AB isolates from all public hospitals in Singapore were systematically collected between 2006 and 2007. MICs were determined according to CLSI guidelines. All CR-AB isolates were genotyped using a PCR-based method. Clonal relationship was elucidated. Time-kill studies (TKS) were conducted with polymyxin B, rifampicin and tigecycline alone and in combination using clinically relevant (achievable) unbound concentrations.

RESULTS

31 CR AB isolates were identified. They are multidrug-resistant, but are susceptible to polymyxin B. From clonal typing, 8 clonal groups were identified and 11 isolates exhibited clonal diversity. In single TKS, polymyxin B, rifampicin and tigecycline alone did not exhibit bactericidal activity at 24 hours. In combination TKS, polymyxin plus rifampicin, polymyxin B plus tigecycline and tigecycline plus rifampicin exhibited bactericidal killing in 13/31, 9/31 and 7/31 isolates respectively at 24 hours. Within a clonal group, there may be no consensus with the types of antibiotics combinations that could still kill effectively.

CONCLUSION

Monotherapy with polymyxin B may not be adequate against polymyxin B susceptible AB isolates. These findings demonstrate that in-vitro synergy of antibiotic combinations in CR AB may be strain dependant. It may guide us in choosing a pre-emptive therapy for CR AB infections and warrants further investigations.

摘要

目的

耐碳青霉烯鲍曼不动杆菌(CR-AB)是全球医院感染的新兴病因。在新抗生素问世之前,联合治疗可能是唯一可行的选择。本研究旨在确定从我们当地医院分离的 CR-AB 的潜在抗菌组合。

方法

2006 年至 2007 年期间,系统收集了新加坡所有公立医院的 AB 分离株。根据 CLSI 指南测定 MIC。所有 CR-AB 分离株均采用基于 PCR 的方法进行基因分型。阐明克隆关系。采用临床相关(可达到)未结合浓度,单独和联合使用多粘菌素 B、利福平、替加环素进行时间杀伤研究(TKS)。

结果

鉴定出 31 株 CR-AB。它们是多药耐药的,但对多粘菌素 B 敏感。从克隆分型来看,鉴定出 8 个克隆群,11 个分离株表现出克隆多样性。
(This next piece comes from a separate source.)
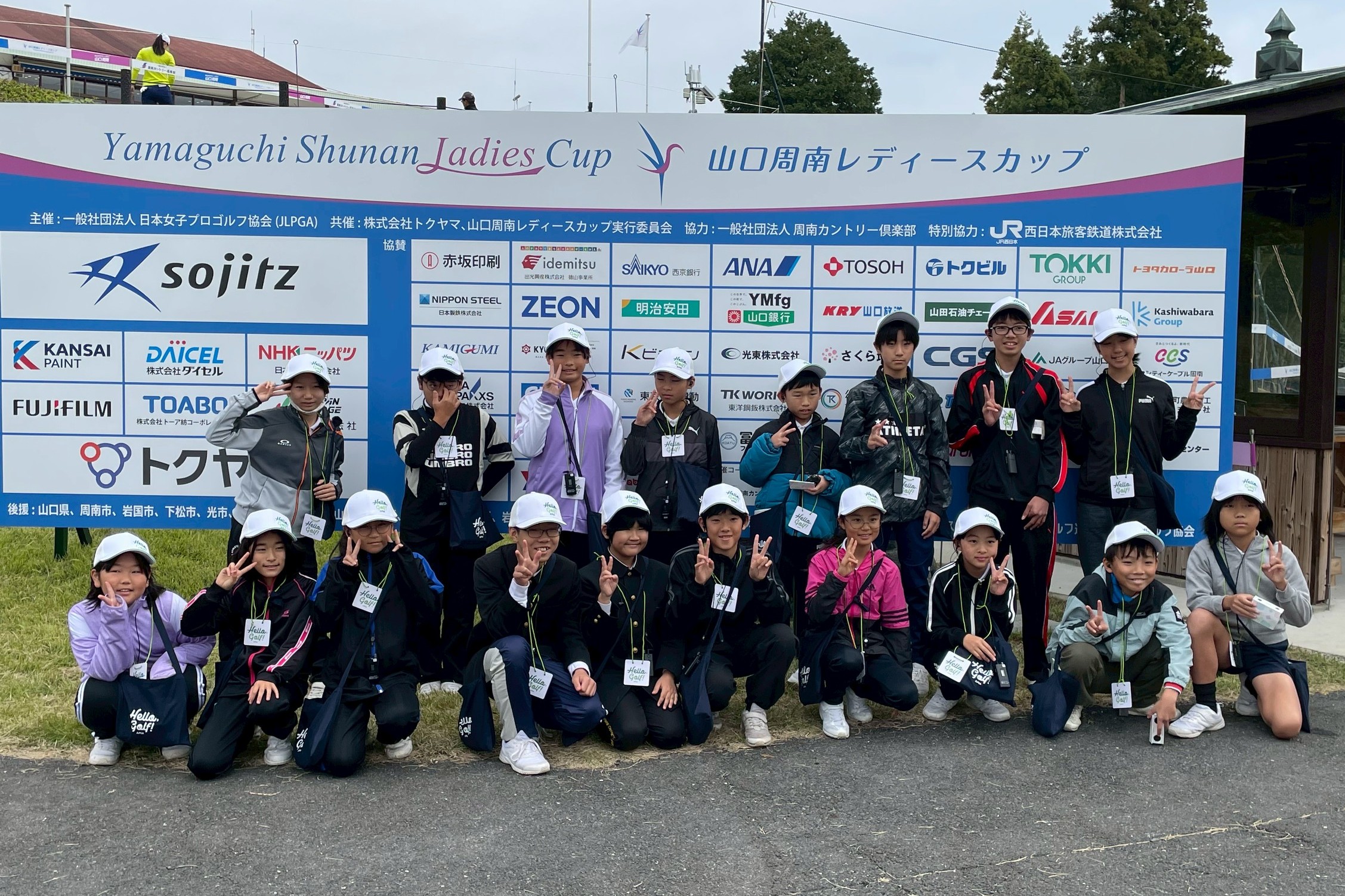 開催地の周南市の小中学生と柳井学園高等学校の生徒を招待。2日間合計175人が開催コースの周南カントリー倶楽部(山口県)を訪れ、ツアー観戦、ボランティア体験、放送センター見学、ギャラリープラザ見学、スナッグゴルフ体験を楽しみました。

在单 TKS 中,多粘菌素 B、利福平单独 24 小时内没有表现出杀菌活性,替加环素。在联合 TKS 中,多粘菌素加利福平、多粘菌素 B 加替加环素和替加环素加利福平分别在 24 小时内对 31 株中的 13、9 和 7 株表现出杀菌作用。在一个克隆群内,可能没有共识认为哪些类型的抗生素组合仍能有效杀菌。

结论

多粘菌素 B 单药治疗可能不足以对抗多粘菌素 B 敏感的 AB 分离株。这些发现表明,CR-AB 中抗生素组合的体外协同作用可能取决于菌株。它可以指导我们选择针对 CR-AB 感染的预防性治疗,并需要进一步研究。